Investigating the genetic diversity of Korean C. gigas populations is an essential initial step in improving the species through selective breeding. Thus, the genetic diversity of thirteen Korean populations was examined, providing fundamental data for selective breeding efforts to increase the genetic diversity of Korean C. gigas, which could also serve as valuable baseline data for Pacific oyster breeding improvement in other regions.
High genetic diversity within a population enhances its ability to adapt to environmental changes [30,31,32]. In this study, the genetic diversity of 13 wild populations was found to be low [33]. Generally, in wild populations, the observed (HO) and expected heterozygosity (HE) are similar unless affected by factors like bottlenecks, founder effects, or human intervention [30,31,32]. However, in this study, all populations showed significantly lower HO than HE, likely due to genetic diversity-lowering factors such as bottlenecks, population declines, or inbreeding. HWE is usually stable in wild populations, so deviations across all groups suggest an event disrupting equilibrium. The inbreeding coefficient (FIS) was significant across all populations, indicating ongoing inbreeding and a potential for genetic diversity loss over time [34,35]. A previous study by An et al. on Korean C. gigas (An et al., 2013, HO = 0.777, HE =0.918) reported high genetic diversity, but HO was lower than HE, indicating low observed genetic diversity [2]. Although HO values may differ across markers, the trend of genetic diversity based on the HE and HO relationship was similar between past and present studies [2].
Bottlenecks are often caused by events such as natural disasters, climate change, or disease that rapidly reduce population size [36]. This reduction diminishes genetic diversity, making it crucial to analyze and manage population genetic diversity [37]. All populations showed evidence of bottlenecks, but the L-shaped distribution indicated that, although bottlenecks were detected previously, the genotype distribution has now normalized, suggesting recovery [38]. While the infinite alleles model (IAM) is suitable for identifying recent bottlenecks, historical bottlenecks are better estimated using the M ratio, where values below 0.6 imply a past bottleneck [39,40]. TPM and SMM models are more conservative in detecting bottlenecks than the IAM model and are less likely to detect bottlenecks once they have recovered [39]. Therefore, there is a possibility that a bottleneck existed when it was detected under the IAM model [40].
In this study, M-ratio values (<0.6) suggest historical bottlenecks in the 13 populations of C. gigas, although recovery has since occurred.
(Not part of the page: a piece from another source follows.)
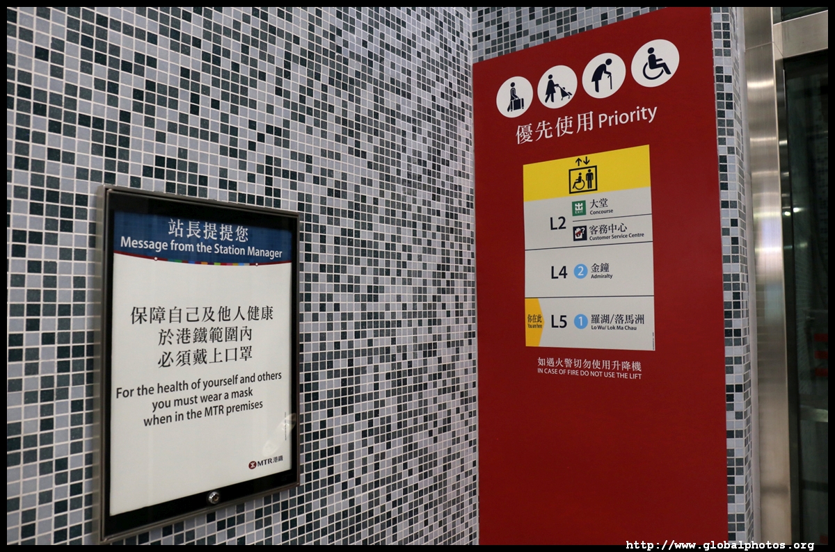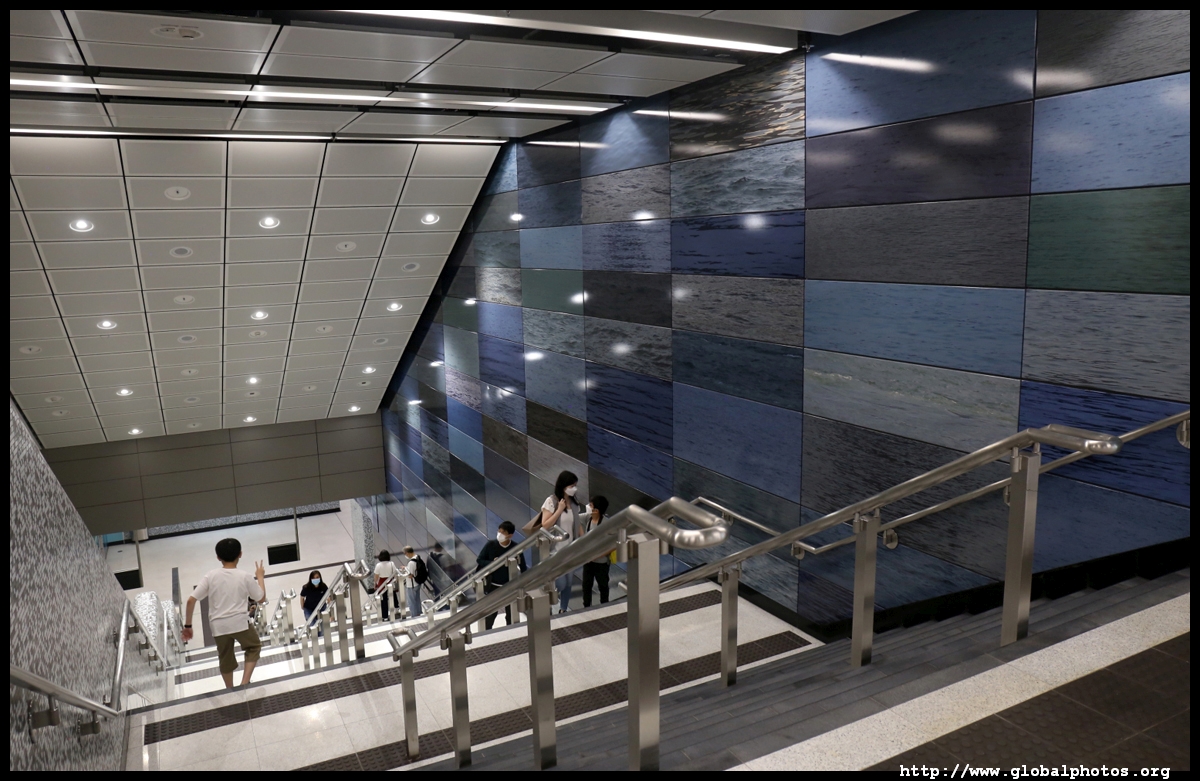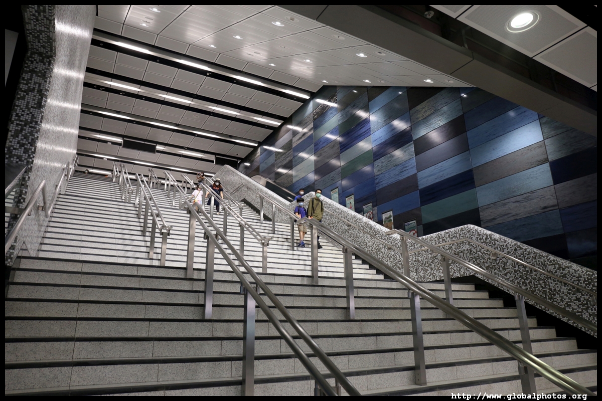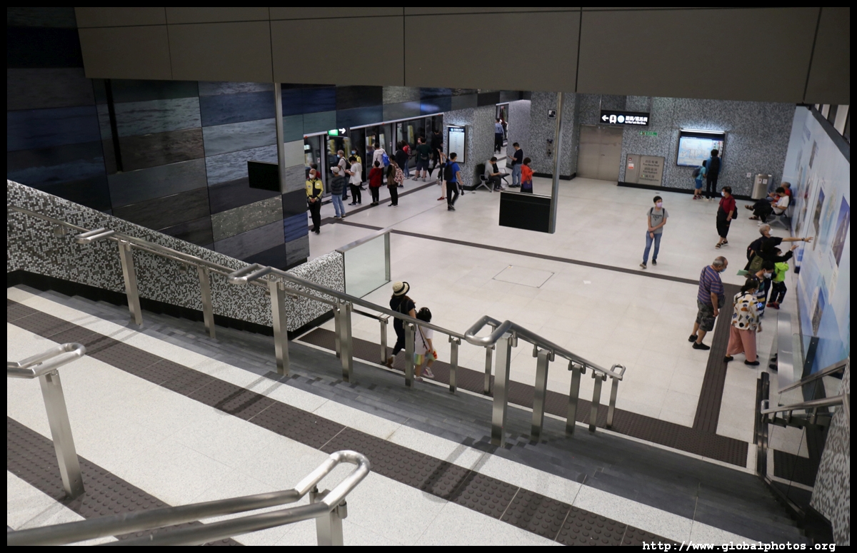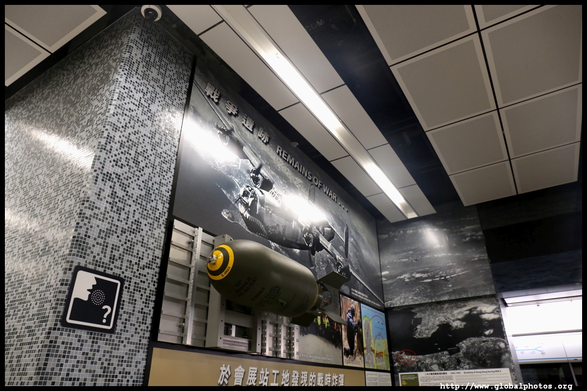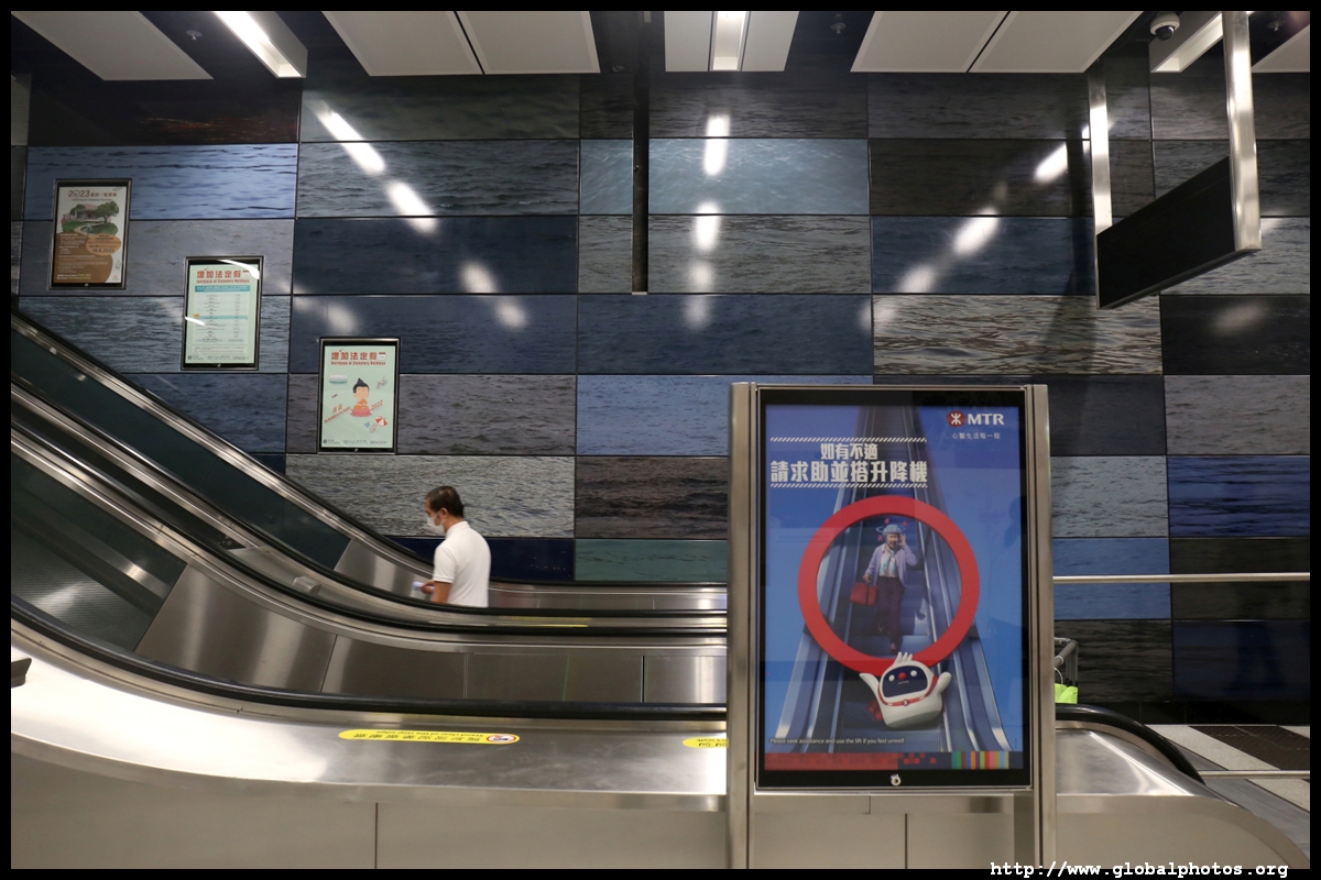 Inspired by its location near the harbour, local artist Leung Chi Wo used some 1200 photos of the harbour to decorate the station's walls that align in the direction of the sea.

While the specific causes of these bottlenecks remain unclear, the genetic evidence shows that bottleneck events affected all populations in this study. Species in intertidal zones, like C. gigas, experience extreme environmental shifts due to tides, which can lead to population declines [41,42,43]. Given that C. gigas inhabits these zones, it is likely that extreme environmental changes contributed to population declines, resulting in bottleneck effects.
Effective population size (Ne) plays a crucial role in minimizing inbreeding, genetic drift, and preserving genetic diversity [15,44]. Larger Ne slows genetic diversity loss and reduces the impact of inbreeding [43]. Therefore, to enhance the genetic diversity of C. gigas, which is the goal of this study, it is essential to select populations with a larger Ne. In this study, GGD, JD, SA, SR, and WSD were identified as populations with Ne greater than 500. These populations are ideal for breeding, as their genetic diversity is easier to maintain across generations [45,46]. Overall, considering Ne and genetic diversity, GGD, JD, SA, SR, and WSD are the most suitable for breed improvement. Since these groups have lower HO than HE and few individuals with rare alleles or heterozygous genotypes, selective crossbreeding may be necessary to introduce more genetically diverse individuals.
In this study, populations such as AD and CSD showed very low Ne, which may be due to the population characteristics of C. gigas. Wild populations of C. gigas are distributed in the intertidal zone but are not widely distributed. In the field survey for sampling, it was confirmed that C. gigas were concentrated in certain intertidal zones where they had ample attachment and feeding spots. This concentrated population structure may have affected Ne when the initial population was formed. Since Ne is affected by the genetic diversity of the parent population, if the larvae were fertilized from a small number of parent populations when the wild AD and CSD populations were formed or if there was continuous inbreeding, this may be the reason for the low Ne.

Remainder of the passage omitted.